Ford (IW 500/8) has been at the fore in this movement for years, which we have dutifully covered here at IndustryWeek. As has Siemens (IW 1000/35) with its increasingly sci-fi PLM offerings. And with them, of course, is the real harbinger of the future, Google, which offers just about everything else.

But last night news broke that these three agents have combined forces to give the world its first clear view of how this future is really going to look.

It came in the form of Siemens' IntoSite application, which Ford will be soon begin piloting across several of its facilities.

According to Siemens, the software, which is one-part simulation, one-part communication, one part PLM and one part Google Earth is designed to help improve communication efficiency, globalization and standardization across a diverse array of manufacturing facilities and assembly plants.

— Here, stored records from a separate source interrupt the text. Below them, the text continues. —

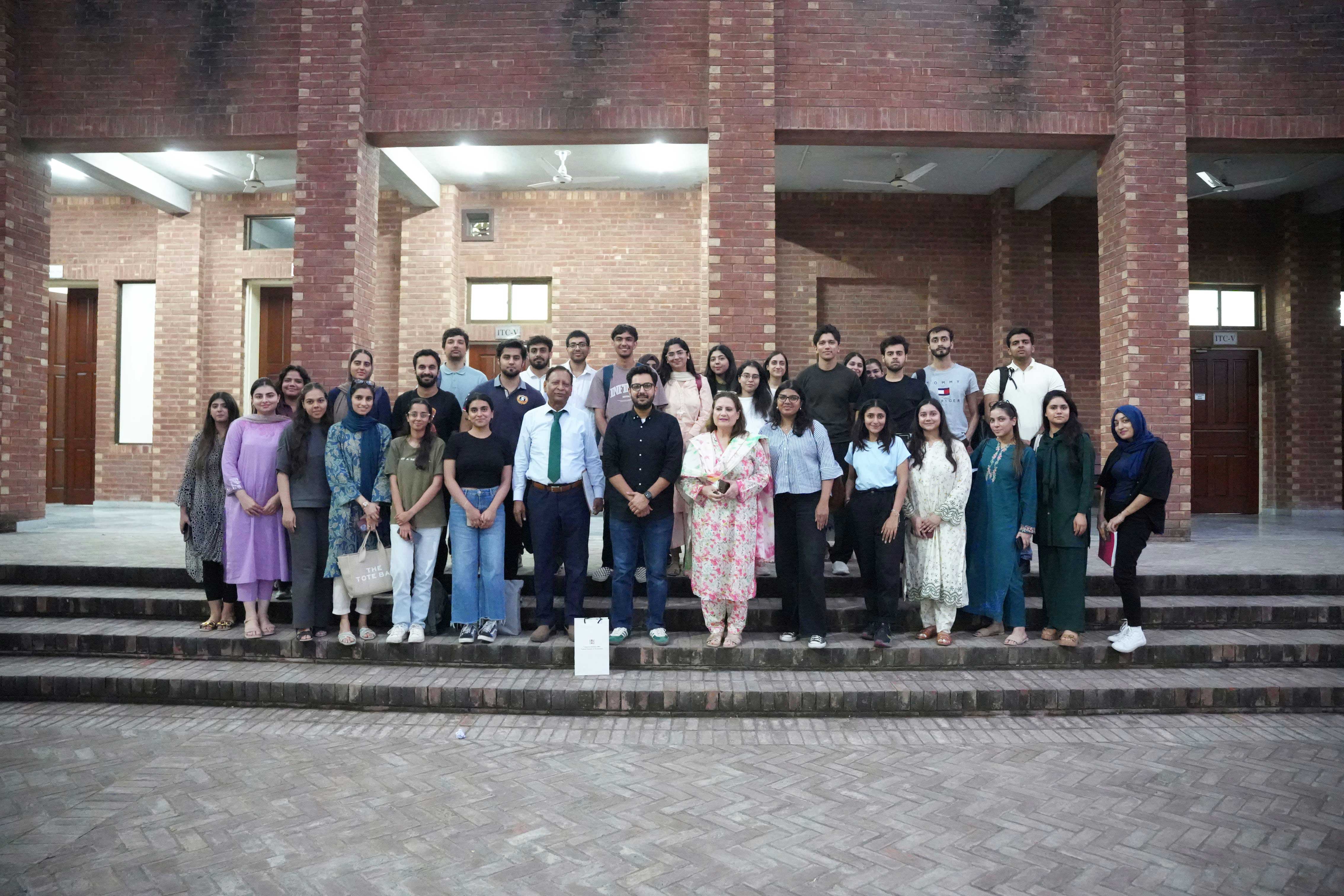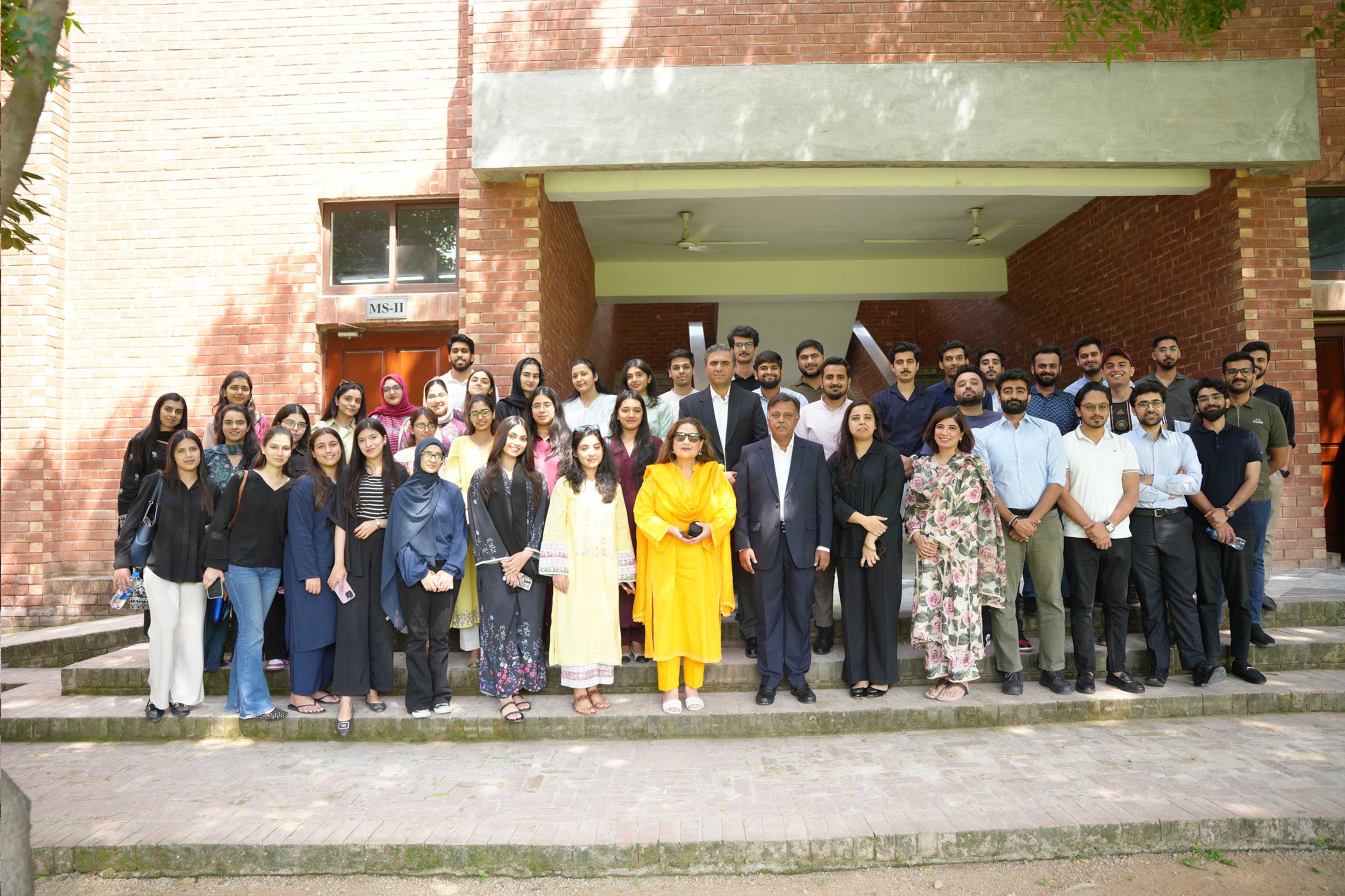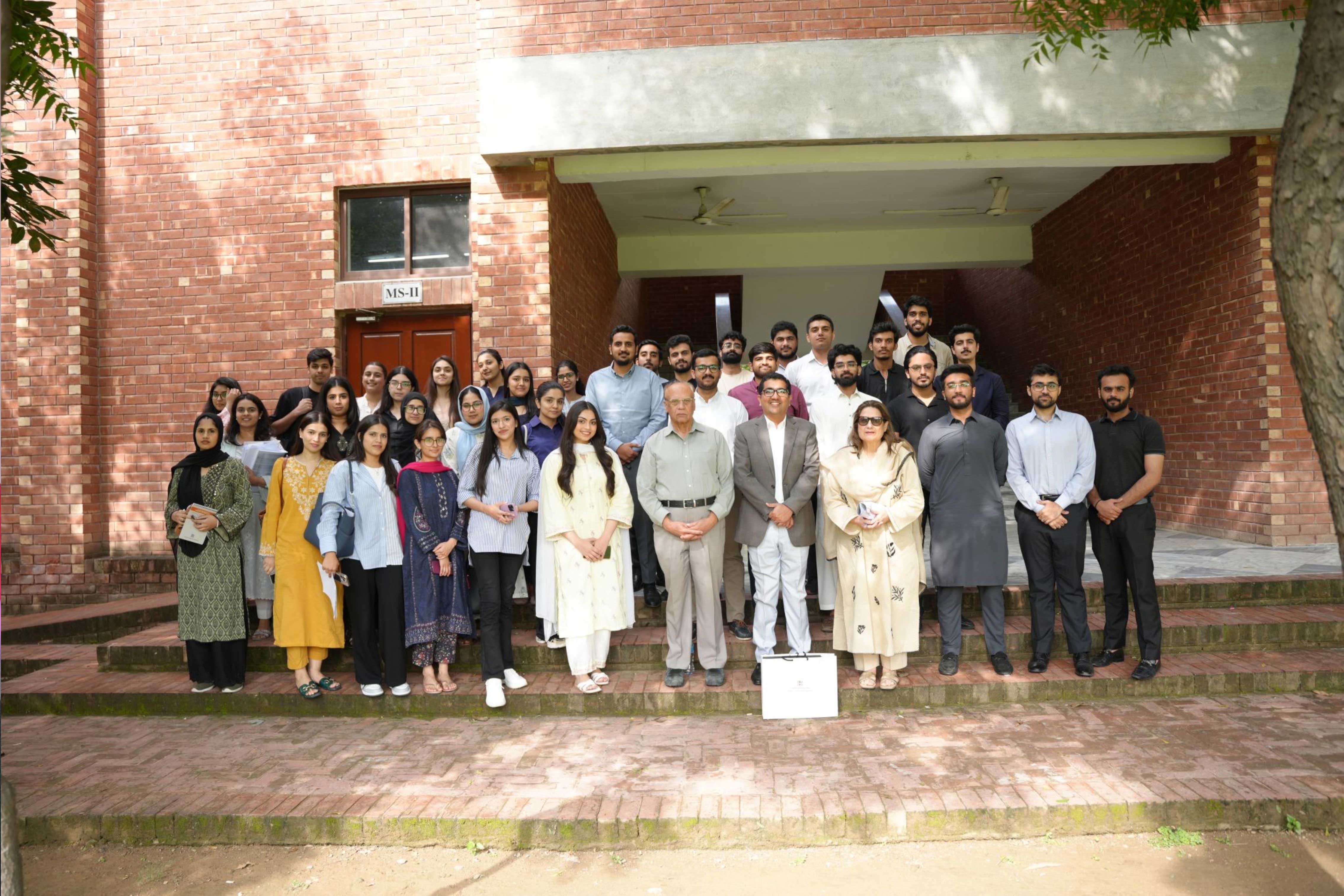 A group photograph with Mr. Shah Jahan, Chief Sales Officer at Dawn Foods Corporation Ltd., Lahore, alongside students of the Lahore School of Economics. Mr. Shah Jahan was invited as a distinguished guest speaker for the Sales Force Management course with MBA II – B, as part of the Distinguished Professional Lecture Series Programme organised by the Corporate Relations Office. During his session, he shared valuable insights on sales strategies, team management, and market dynamics, providing students with practical knowledge and industry perspectives to complement their academic learning and better prepare them for leadership roles in the field of sales and marketing.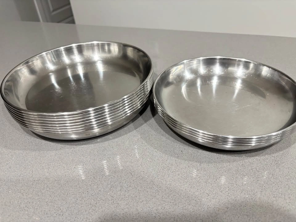 Set of stainless steel plates in good condition. Includes: 8 large plates, 5 medium plates. Durable, rust-resistant, and easy to clean. Great for everyday home use, parties, camping, or as extra serving plates. Normal light surface marks from regular use, no dents or damage. Selling as a set only.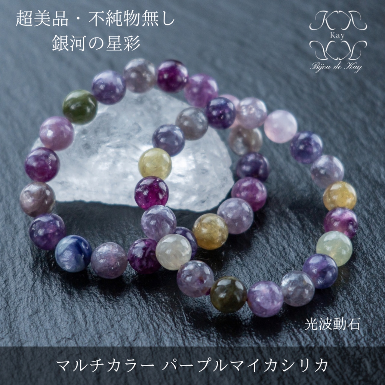 銀河の星彩 極上 マルチカラー パープルマイカシリカ ブレスレット 不純物なし 最高発色 天然石 光波動 ブレスレット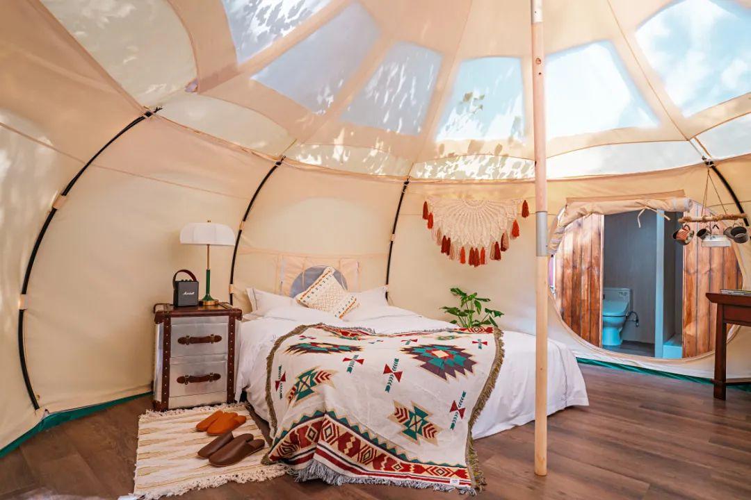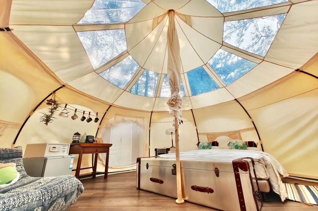 营地分为轻奢帐篷和春帐两种类型的帐篷,提供拎包入住一价全包式服务,在户外中享受家一般的放松和舒适,亲子出游也可以轻装上阵。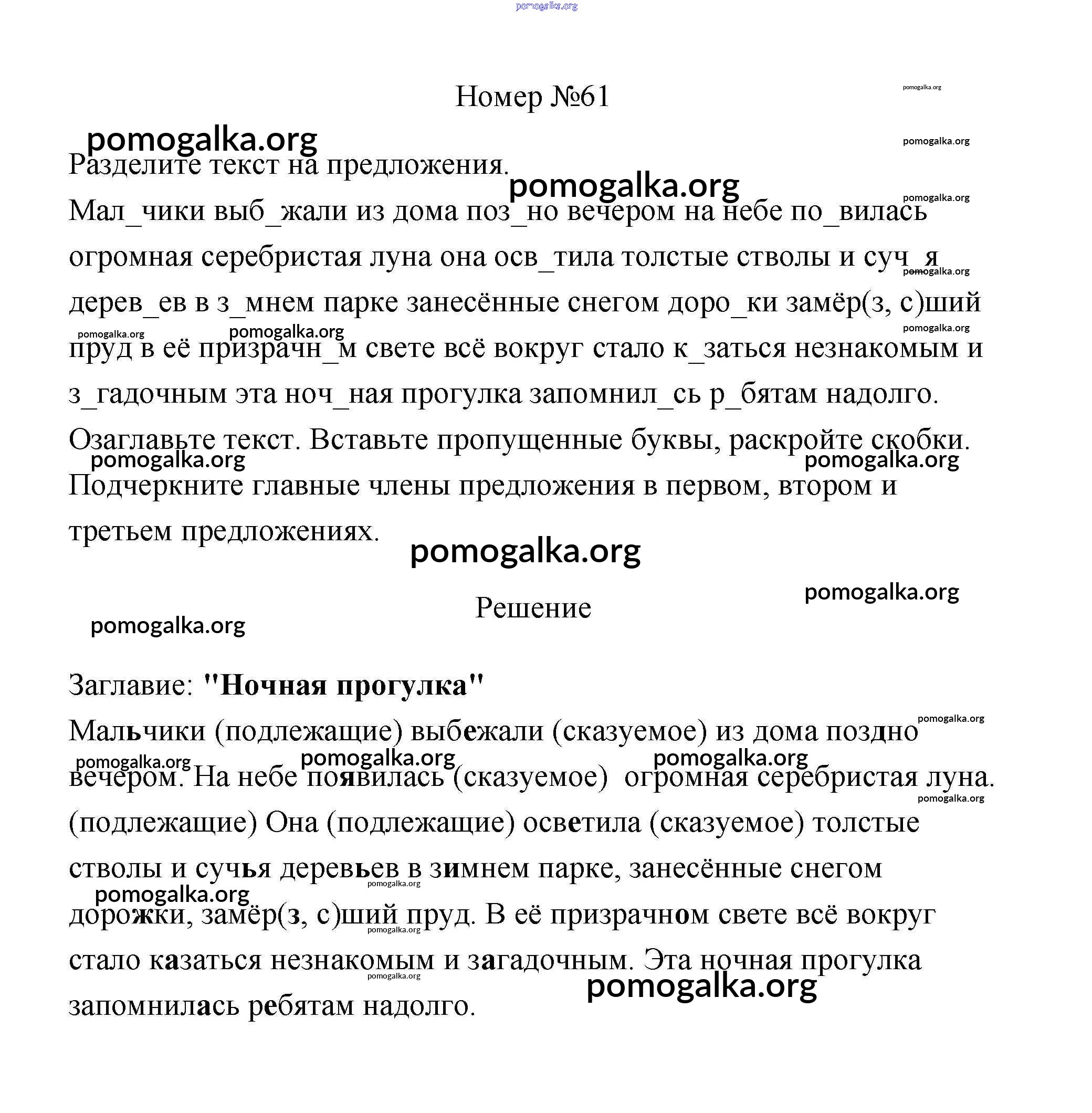 Готовые ответы - Русский язык 4 класс рабочая тетрадь Климанова Л.Ф. - часть 1. задание № 61

It allows users to navigate plants and workstations virtually a la Google Earth, creating a "private virtual space where users can easily save and share materials, helping to better communication within plants and around the word," according to the official Siemens release.

For its part, a representative from Ford says the software will "increase the speed of adopting and implementation for our manufacturing teams around the word" in such a way that caters to "a world where visual communication now can be more effective than email."

And that sounds great. It sounds very much like the future we've been waiting for.

But what's really exciting here, as Fords' Marty Smets, describes the video below, is how far the list of possible applications extends and how there doesn't seem to be any end to them in sight. No one really knows how this will work, what benefits it will offer, or how much value it will add. All they know is that the potential is huge.

It is, as it stands, an open experiment in the physical/virtual merger in the industrial space. From it, success of failure, value or none, we'll see a model form on how this next evolution of manufacturing software is going to shape the future of industry.